Task statement:
What you return should be every line below, word for word, and none of the images.

Given records:
"""

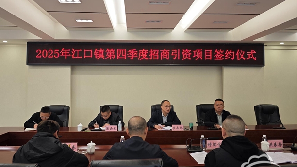 11月5日,江口镇人民政府三楼中型会议室内,2025年第四季度招商引资项目签约仪式隆重举行。
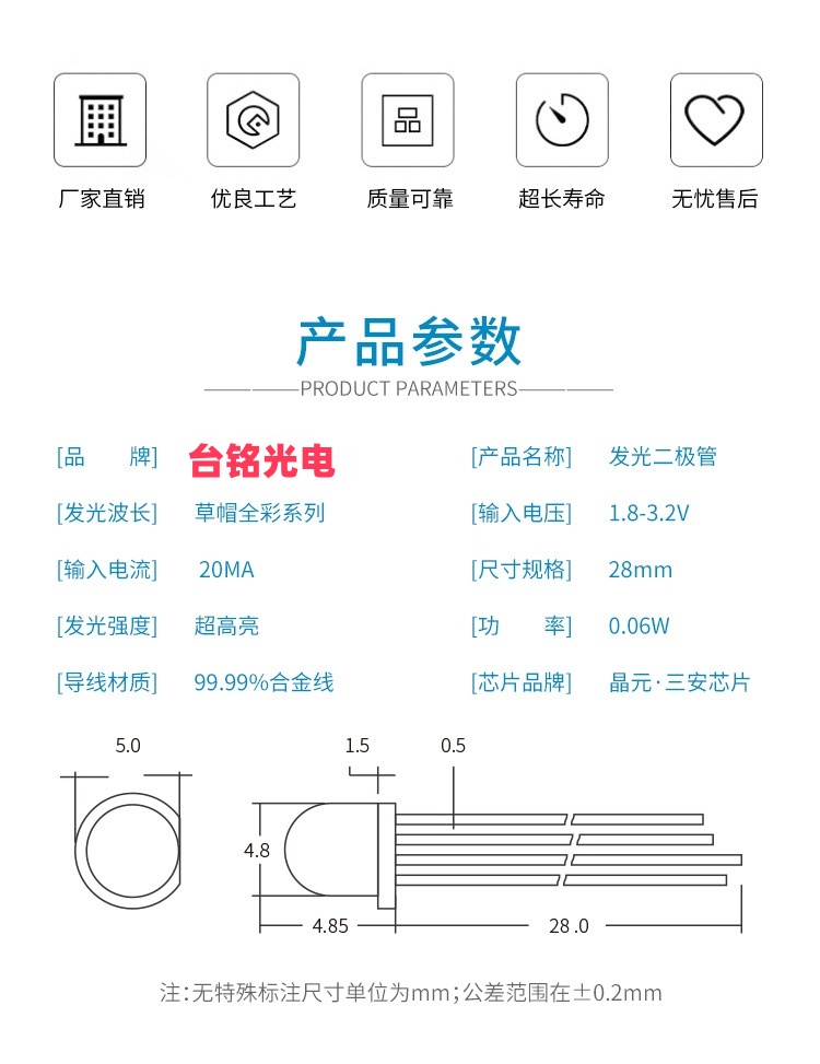 尺寸:直径5mm,圆头直插式。
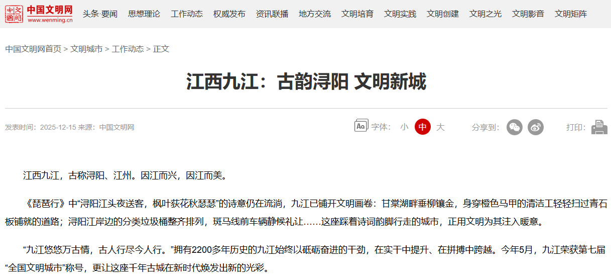 从照亮一盏灯到畅通一条路,从增加一个车位到拓展一片绿地,九江正用实打实的改变,书写更有温度、更具质感的民生答卷。如今,九江正在中心城区发起“人人都是形象,处处体现文明”的城市文明建设行动,推进从“创建文明城市”向“建设城市文明”的华丽转身,让文明之花在九江大地持续绚烂绽放。
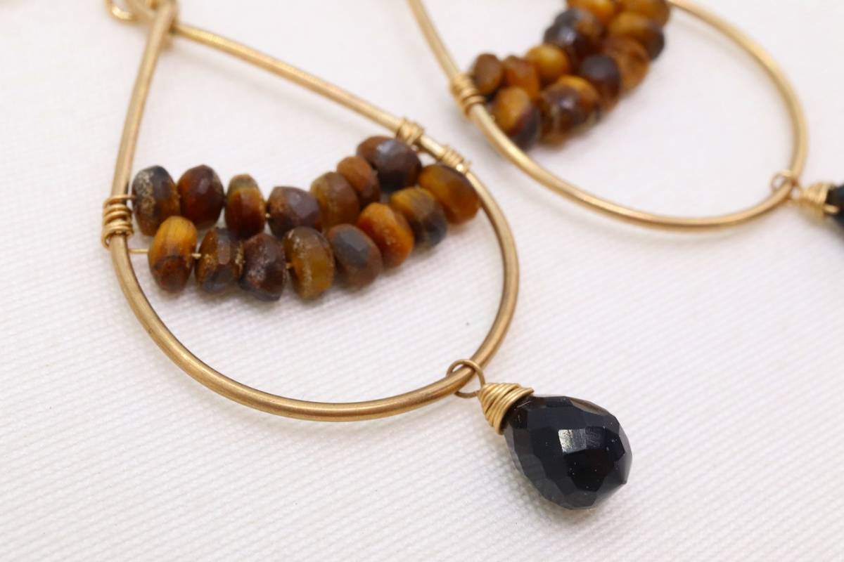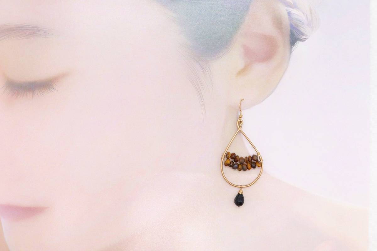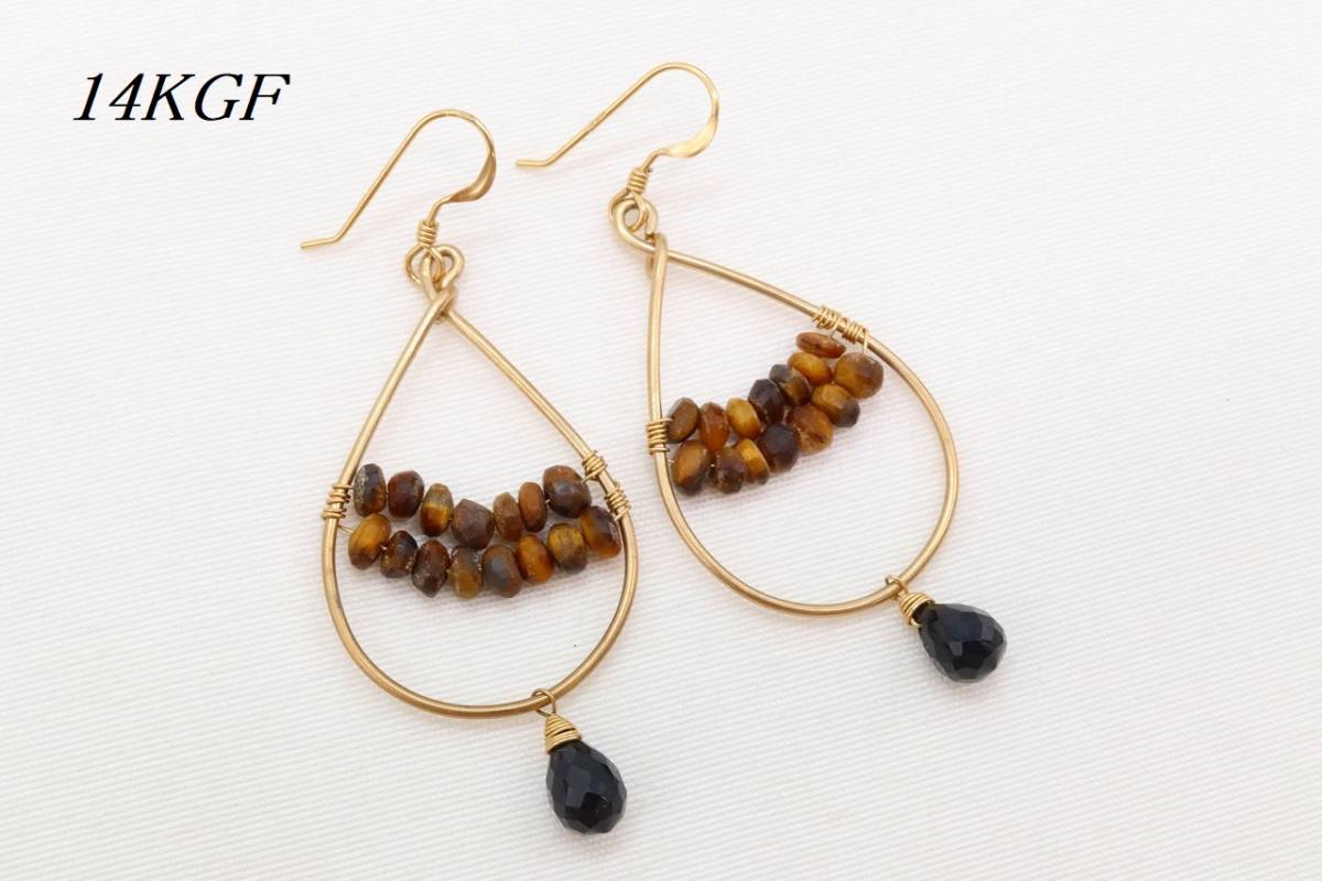 ■ 【X146】14KGF タイガーアイ ブラックスピネル 変形 フープ ピアス フック ティアドロップ 揺れる 天然石【送料全国一律198円】
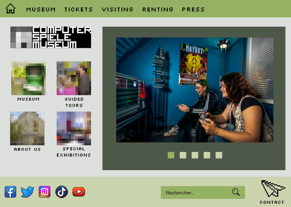 J’ai réalisé la refonte du site du Computer spiele museum en adoptant un style 8-bit, un clin d’œil aux premiers jeux vidéo qui marque instantanément l’identité du musée.
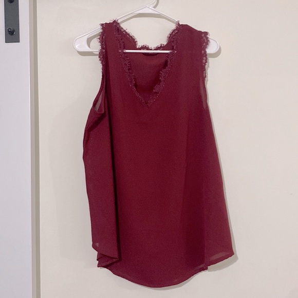 Maroon wide strap blouse with lace detail on neck and sleeves. XL true to size, no stretch

"""

Answer to the exercise:
 11月5日,江口镇人民政府三楼中型会议室内,2025年第四季度招商引资项目签约仪式隆重举行。
 尺寸:直径5mm,圆头直插式。
 从照亮一盏灯到畅通一条路,从增加一个车位到拓展一片绿地,九江正用实打实的改变,书写更有温度、更具质感的民生答卷。如今,九江正在中心城区发起“人人都是形象,处处体现文明”的城市文明建设行动,推进从“创建文明城市”向“建设城市文明”的华丽转身,让文明之花在九江大地持续绚烂绽放。
 ■ 【X146】14KGF タイガーアイ ブラックスピネル 変形 フープ ピアス フック ティアドロップ 揺れる 天然石【送料全国一律198円】
 J’ai réalisé la refonte du site du Computer spiele museum en adoptant un style 8-bit, un clin d’œil aux premiers jeux vidéo qui marque instantanément l’identité du musée.
 Maroon wide strap blouse with lace detail on neck and sleeves. XL true to size, no stretch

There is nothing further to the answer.